Del análisis se desprende que los casos de Haití y Chile comparten la exigencia de la destitución de sus respectivos presidentes, a través de movilizaciones masivas. Los haitianos, descontentos por la escasez de gasolina y por la corrupción, piden la renuncia de Jovenel Moïse, lo que ha dejado 42 personas muertas y 86 heridas en las manifestaciones que se han desarrollado durante casi todo el año. Unos 4 millones de chilenos hartos de la desigualdad generalizada –y del aumento al costo del transporte público– salieron a las calles desde el 25 de octubre de 2019, para pedir la renuncia de Sebastián Piñera. Éste ha reprimido a su pueblo, lo que ha dejado centenas de heridos y decenas de muertos; además ha realizado cambios en su gabinete para, supuestamente, alcanzar un acuerdo y redactar una nueva Constitución.

Situación parecida viven Colombia y Ecuador: según el Mapa del descontento, las poblaciones de ambos países han expresado su malestar con sus gobiernos mediante protestas. En el primero, se convocó a un “paro nacional” contra el presidente Iván Duque para impedir que se aplique el paquete de medidas que preparó el Ejecutivo; y en el segundo, a través de manifestaciones lideradas por el movimiento indígena se han rechazado las medidas de austeridad impuestas por el presidente Lenín Moreno.
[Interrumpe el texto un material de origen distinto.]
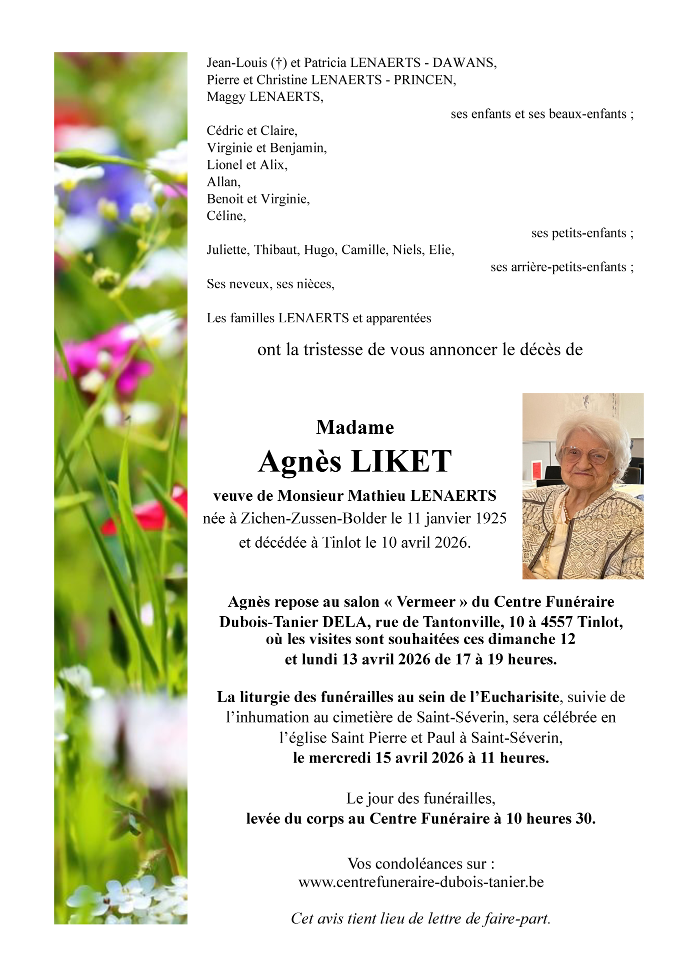 Overlijdensbericht van Mevrouw Agnès LIKET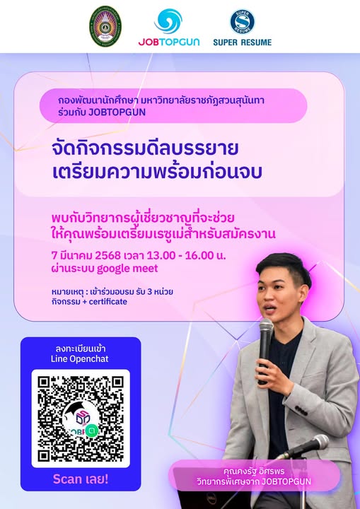 กองพัฒนานักศึกษาร่วมกับ Jobtopgun จัดกิจกรรมเตรียมความพร้อมก่อนจบ 7 มีนาคม 2568 เวลา 13.00 - 16.00 น. ผ่านระบบ Google Meet จำกัดเพียง 200 คนเท่านั้น เข้าร่วมอบรมรับ 3 หน่วยกิจกรรมและใบ Certificate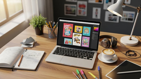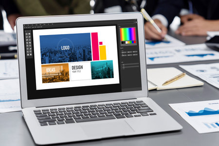 Graphic designer software for modern design of web page and commercial brisk ads showing on the computer screen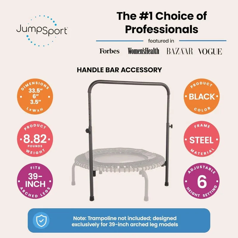 - Enhance your arched leg fitness trampoline with this sporty handlebar set. It's designed to complement the JumpSport Fitness Trampoline, available separately, to elevate your exercise experience
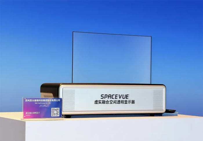 蘇大維格自主研發(fā)的虛實融合空間透明顯示設(shè)備可在深度空間中成像,實現(xiàn)“物理空間”與“虛擬顯示”的融合顯示;诖罂趶娇臻g成像透明波導(dǎo)的空間顯示模式,相比傳統(tǒng)平板,虛實疊加顯示系統(tǒng)既具備平面顯示的形態(tài)特征,又具備遠(yuǎn)距離空間虛擬成像帶來的超百寸的顯示畫幅。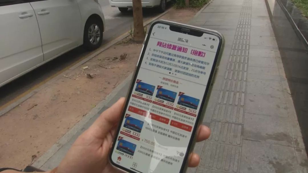 “我们购买了之后因为购买的人太多,双11当天购买的这些卡就没有处理,就没有发出来,然后我这一直显示拼团成功但是一直没有发卡,直到11月13日就是昨天下午6点,他这个团团油的小程序就直接显示关闭,然后我们就是卡也购买了钱也退不了。”

Por su parte, los bolivianos, los libaneses y los iraquíes han tenido grandes avances en la destitución de mandatarios y ministros, de acuerdo con el Centro de Estudios Internacionales Gilberto Bosques.

En el caso de Bolivia, el conflicto se avivó con la renuncia del presidente Evo Morales el 20 de octubre de 2019, considerada por México como un golpe de Estado. Ello, porque además de ser propiciada por la milicia de ese país, estuvo respaldada por mandatarios de otros países y la Organización de los Estados Americanos, que respaldaron la presidencia interina de Jeanine Áñez.

Respecto de Líbano, el análisis apunta que las movilizaciones sociales provocadas por el incremento de impuestos consiguieron la dimisión al cargo del primer ministro Saad Hariri. Y en Irak con la presentación, el 29 de noviembre de 2019, de la probable renuncia del primer ministro Adel Abdul Mahdi, después del reporte de 50 fallecidos, tras las manifestaciones en reclamo de servicios públicos, puestos de trabajo y erradicación de la corrupción.

Finalmente, en lo que respecta a los conflictos internos en España y China, se centran en las regiones de Cataluña y Hong Kong. Los manifestantes de Hong Kong permanecen en la lucha por no perder la independencia y el status diferenciado del resto del territorio Chino, y los protestantes en Cataluña mantienen el rechazo a las sentencias de entre 9 y 13 años de prisión dictadas contra nueve líderes independistas catalanes.